First of all I just want to rant why is the Latex preview feature such a complete failure in Firefox? Actually it is really bad and buggy in IE too....

So I am reading into Foundations of geometry by Abraham and Marsden and there is a basic topology proof that's giving me some trouble. They define compact spaces as saying a space S is compact iff every open covering $$S = \cup U_\alpha$$ has a finite subcovering, and if A is a subset of S, then any open cover has a finite subcover in the relative (subspace) topology. I am pointing out this definition just because in other places I think I've seen open covers defined as $$S \subset \cup U_\alpha$$ , not necessarily $$S = \cup U_\alpha$$.

Then they propose that in a Hausdorff space, all the compact subsets are closed. For proof, let A be a compact subset of S. Then let $$u \in A^C$$ and $$v \in A$$ have open disjoint neighborhoods $$U_u, U_v$$. Since A is compact we can write

$$A = \cup_{v \in A} U_v \cap A$$

for a finite number of $$v \in A$$. Furthermore each of these neighborhoods must be disjoint from $$U_u$$. Then they conclude there are disjoint neighborhoods for u and A , and $$U_u \subset A^c$$, so A^c is open.

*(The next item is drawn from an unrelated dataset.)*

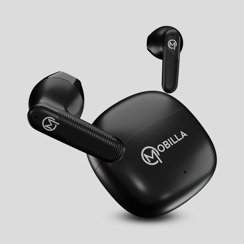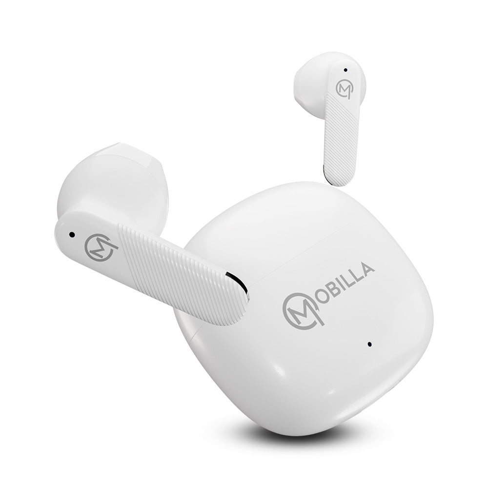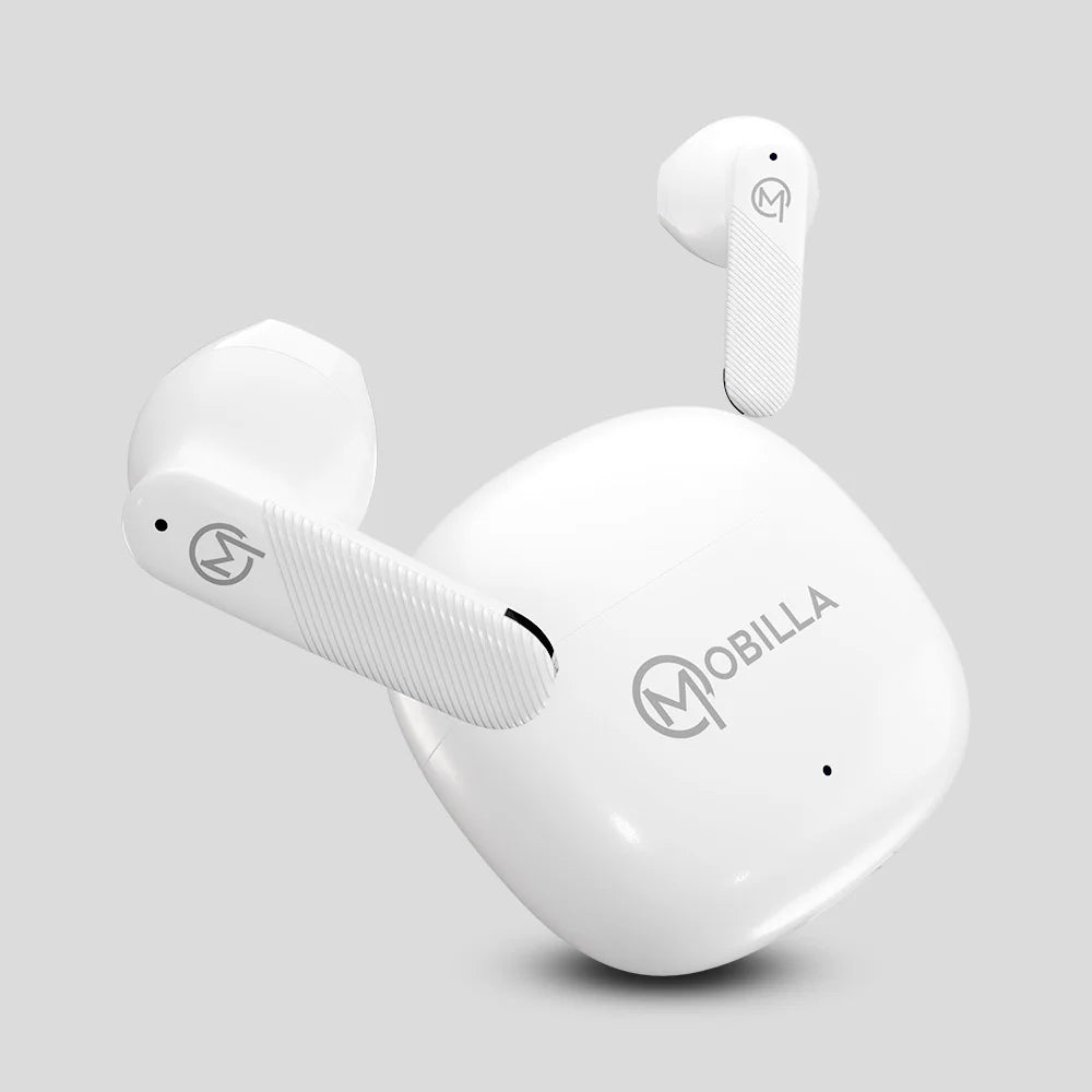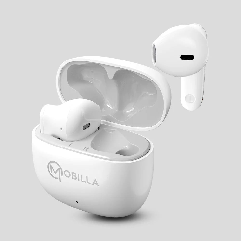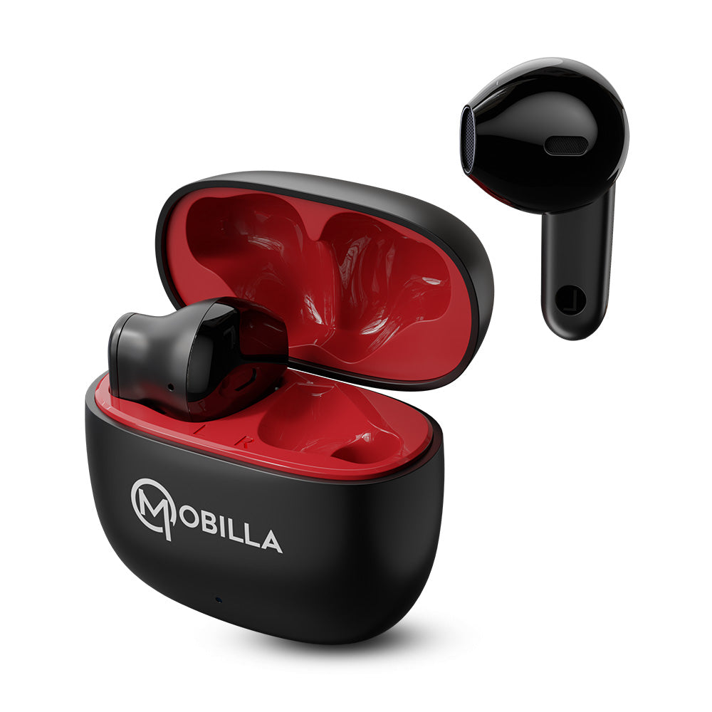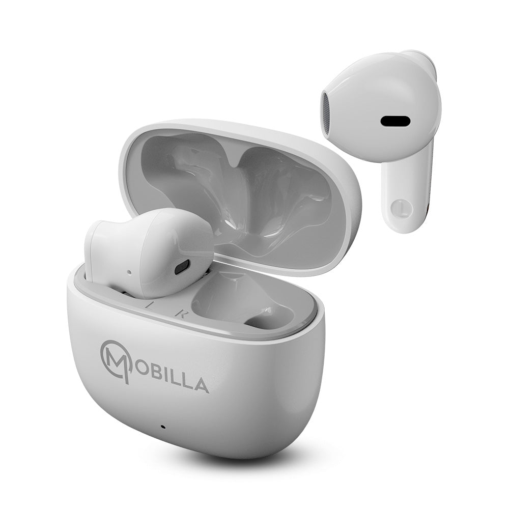 Experience superior sound quality and convenience with Mobilla MBuds 106 – the perfect TWS earbuds for both calls and music. Whether you’re commuting, working out, or simply enjoying your favourite tracks, these half in-ear earbuds offer a seamless listening experience with up to 25 hours of music playtime. Featuring instant auto connect and Bluetooth V5.3, the MBuds 106 ensures a stable and fast wireless connection with a 10M wireless range for uninterrupted music and calls. The 13mm drivers deliver powerful, crystal-clear audio, while the environmental noise cancellation provides enhanced clarity for earbuds with good call quality. Designed for comfort and convenience, the MBuds 106 are IPX4 sweat-resistant, making them ideal for workouts or any weather condition. With fast charging and a Type-C charging port, a quick charge will get you back to your playlist in no time. Available in black-red and white-grey, choose the colour that suits your style best. Looking for the best earbuds for calls and music? The Mobilla MBuds 106 ticks all the boxes. Buy these earbuds online and enjoy the ultimate combination of style, comfort, and performance with these fast-charging earbuds – your true wireless companion for every moment!

I don't understand this. First of all, it seems the cover for A isn't a neighborhood, since it is only open in the relative topology, but maybe that's what they mean to say. In other words, maybe they mean A has a neighborhood in the relative topology.

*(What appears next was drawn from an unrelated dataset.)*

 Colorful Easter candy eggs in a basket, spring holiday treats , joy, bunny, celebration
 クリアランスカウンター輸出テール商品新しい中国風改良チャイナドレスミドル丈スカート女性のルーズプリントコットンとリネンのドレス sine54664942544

More importantly, it doesn't seem like we needed to use the compactness here. We have an open neighborhood for u, and we need to show that neighborhood is entirely contained in $$A^c$$, so we need to show

$$U_u \cap A = \oslash$$,

and we have

$$U_u \cap A = U_u \cap ( \cup U_v \cap A ) = \oslash$$.

That follows without compactness, but obviously I know that can't be right. If that were true, all subsets would be closed, which would be ridiculous.

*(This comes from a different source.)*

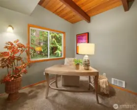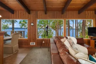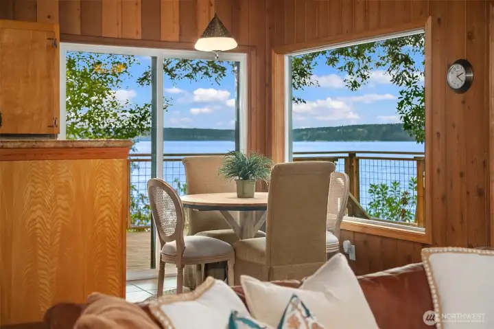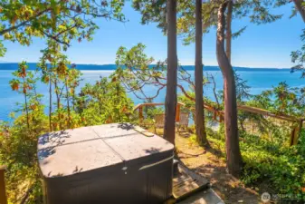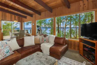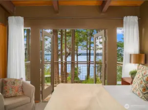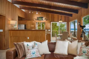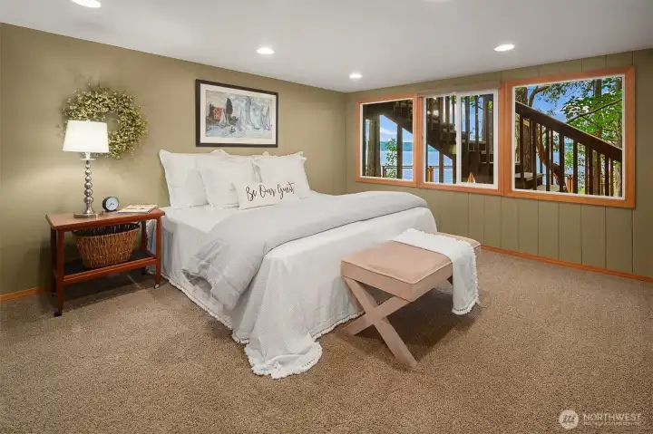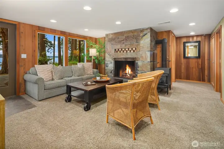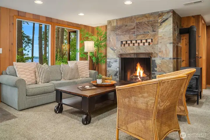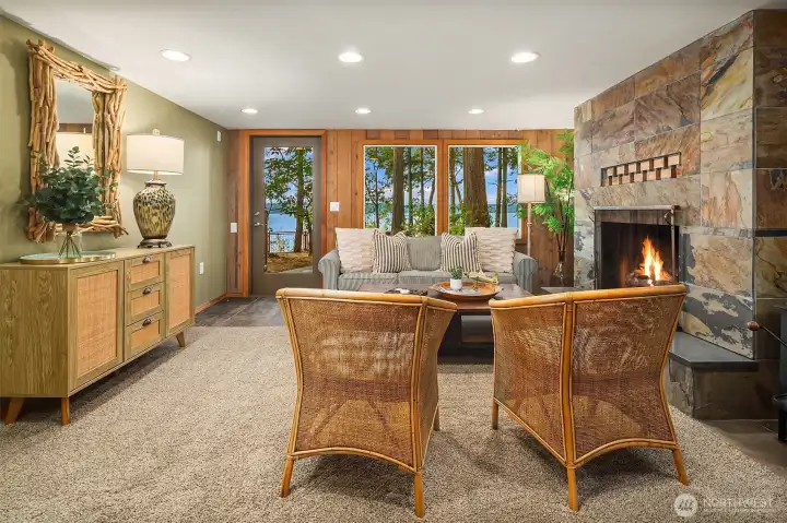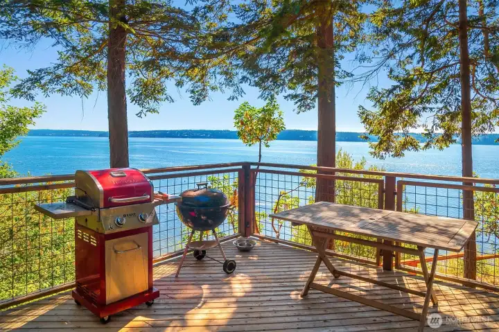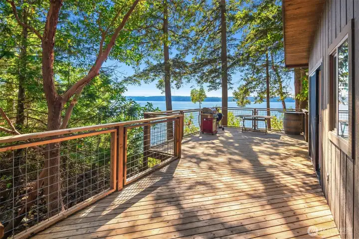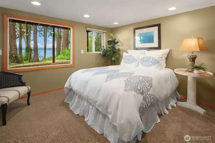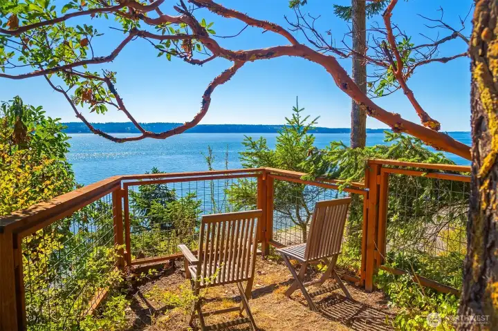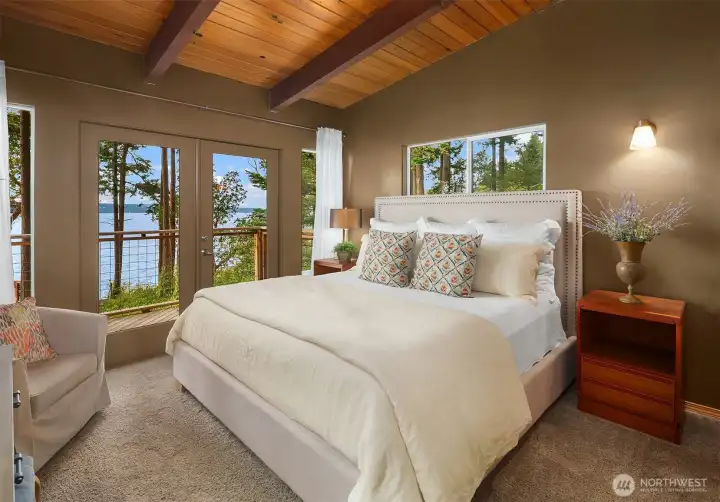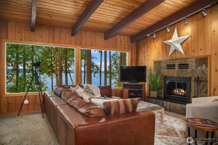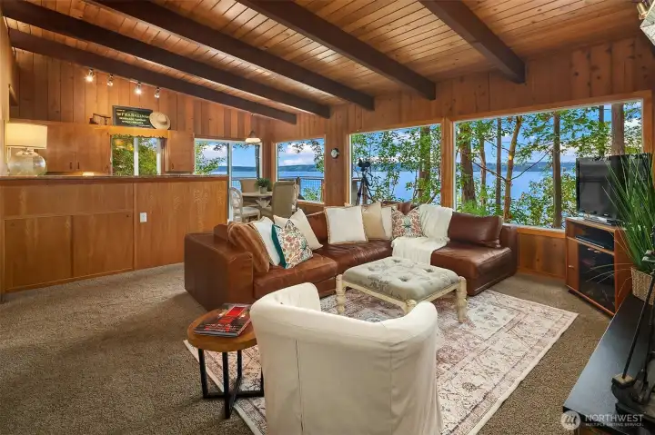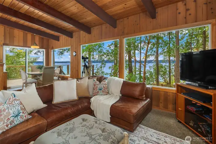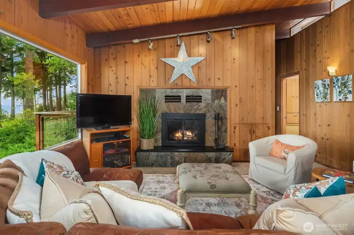 This medium bank waterfront on Camano’s west side has a true retreat feel, with panoramic views of Saratoga Passage, the Olympics, and stunning sunsets. Watch eagles, marine life, and boat traffic. Surrounded by incredible Madrona Trees and shady evergreens, the back lawn paradise offers stone walkways, patios, and a fire-pit. Wood decks off the kitchen and primary suite feature coordinated custom railings. A mid-century modern with signature Camano flair—wood-clad ceilings, warm finishes, and timeless design. Main floor includes primary bedroom, guest room/office, and bath along with living area, fireplace, kitchen and laundry; daylight basement adds family room, two guest rooms, bath, and storage. Easy trail walk to the beach!

I figure the problem is that we have to worry if $$U_u \cap U_v \ne \oslash$$ for some $$v \in A$$, in which case, we use the compactness of A to exempt that $$U_v$$ from the cover. But it seems like we still don't know that the neighborhoods we have left will be able to cover all of A.

2. Jun 25, 2010

Office_Shredder

Staff Emeritus
You can pick $$U_v$$ and $$U_u$$ to be open in the Hausdorff space, and then the $$U_v$$'s will be an open cover of A because their intersection with A is open in the induced topology (by definition)

The key now is the finiteness. We don't have a single $$U_u$$ for every $$U_v$$, we have to pick a different one for every choice of v. So maybe it would be better to denote the sets around $$u$$ as $$V_v$$ (sorry for the confusing notation but I want to change as little as possible). Then to find the open neighborhood around $$u$$ we need to intersect every $$V_v$$ to get an open set that is disjoint from every $$U_v$$ simultaneously. Intersections of open sets are only open in general if there are finitely many of them, which is where compactness comes into play: we only needed to look at finitely many v's

3. Jun 25, 2010

It isn't a failure. It just uses image caching. You need to manually refresh.

4. Jun 26, 2010

mordechai9

Ah, ok, I see. That's more or less what I was thinking I just wasn't sure how to express the details correctly. I also get how the U_v's form an open cover in the induced topology, I just thought that maybe they were saying they were also open in the general topology. Thanks for the the help.

5. Jun 26, 2010

Fredrik

Staff Emeritus
It's pretty much the same regardless of what browser and operating system you're using. Been that way for a couple of months I think. No one seems to know what's causing it or how to fix it. The workaround is to refresh and resend (SonyAD didn't mention the resend). Works with all browsers and operating systems.